**YOUR OBJECTIVE**: Give the listing back in full, exactly as written, with the pictures removed.

[INPUT DATA]

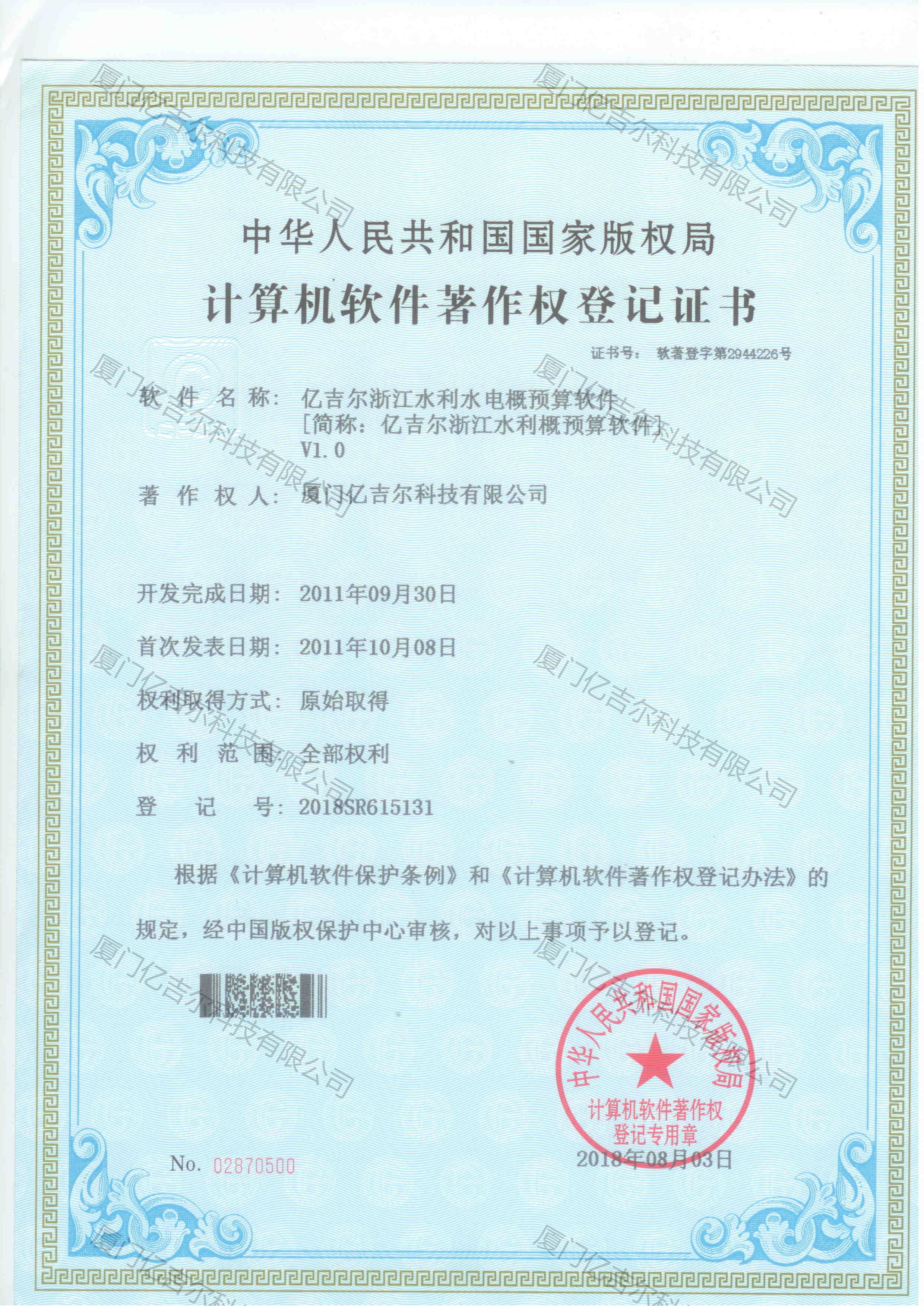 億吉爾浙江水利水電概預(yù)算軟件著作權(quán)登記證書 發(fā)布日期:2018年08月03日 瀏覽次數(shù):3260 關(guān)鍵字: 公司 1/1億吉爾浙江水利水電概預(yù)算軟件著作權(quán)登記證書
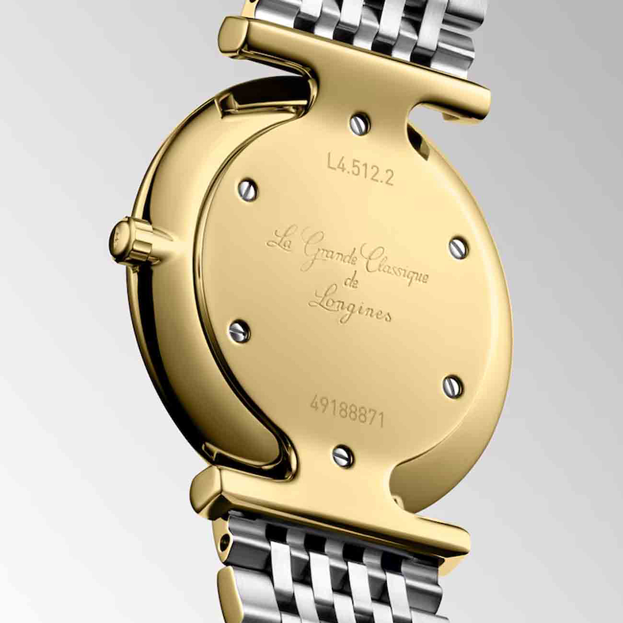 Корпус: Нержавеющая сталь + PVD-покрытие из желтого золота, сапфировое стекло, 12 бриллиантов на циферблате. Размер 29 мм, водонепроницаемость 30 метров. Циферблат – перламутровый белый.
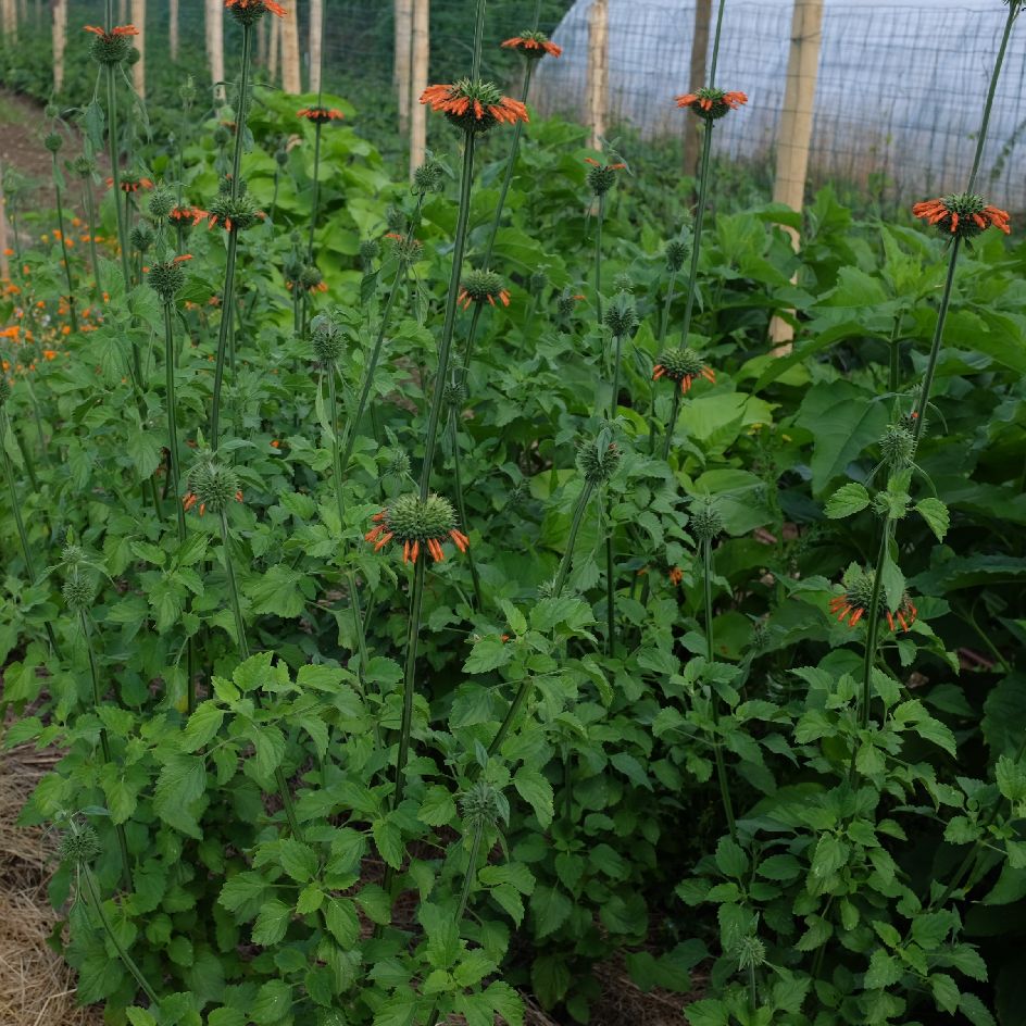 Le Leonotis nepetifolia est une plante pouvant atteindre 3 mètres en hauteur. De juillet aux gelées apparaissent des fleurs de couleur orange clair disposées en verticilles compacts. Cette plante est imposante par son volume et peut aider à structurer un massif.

[/INPUT DATA]

**SOLUTION FOR THIS PROBLEM**:
 億吉爾浙江水利水電概預(yù)算軟件著作權(quán)登記證書 發(fā)布日期:2018年08月03日 瀏覽次數(shù):3260 關(guān)鍵字: 公司 1/1億吉爾浙江水利水電概預(yù)算軟件著作權(quán)登記證書
 Корпус: Нержавеющая сталь + PVD-покрытие из желтого золота, сапфировое стекло, 12 бриллиантов на циферблате. Размер 29 мм, водонепроницаемость 30 метров. Циферблат – перламутровый белый.
 Le Leonotis nepetifolia est une plante pouvant atteindre 3 mètres en hauteur. De juillet aux gelées apparaissent des fleurs de couleur orange clair disposées en verticilles compacts. Cette plante est imposante par son volume et peut aider à structurer un massif.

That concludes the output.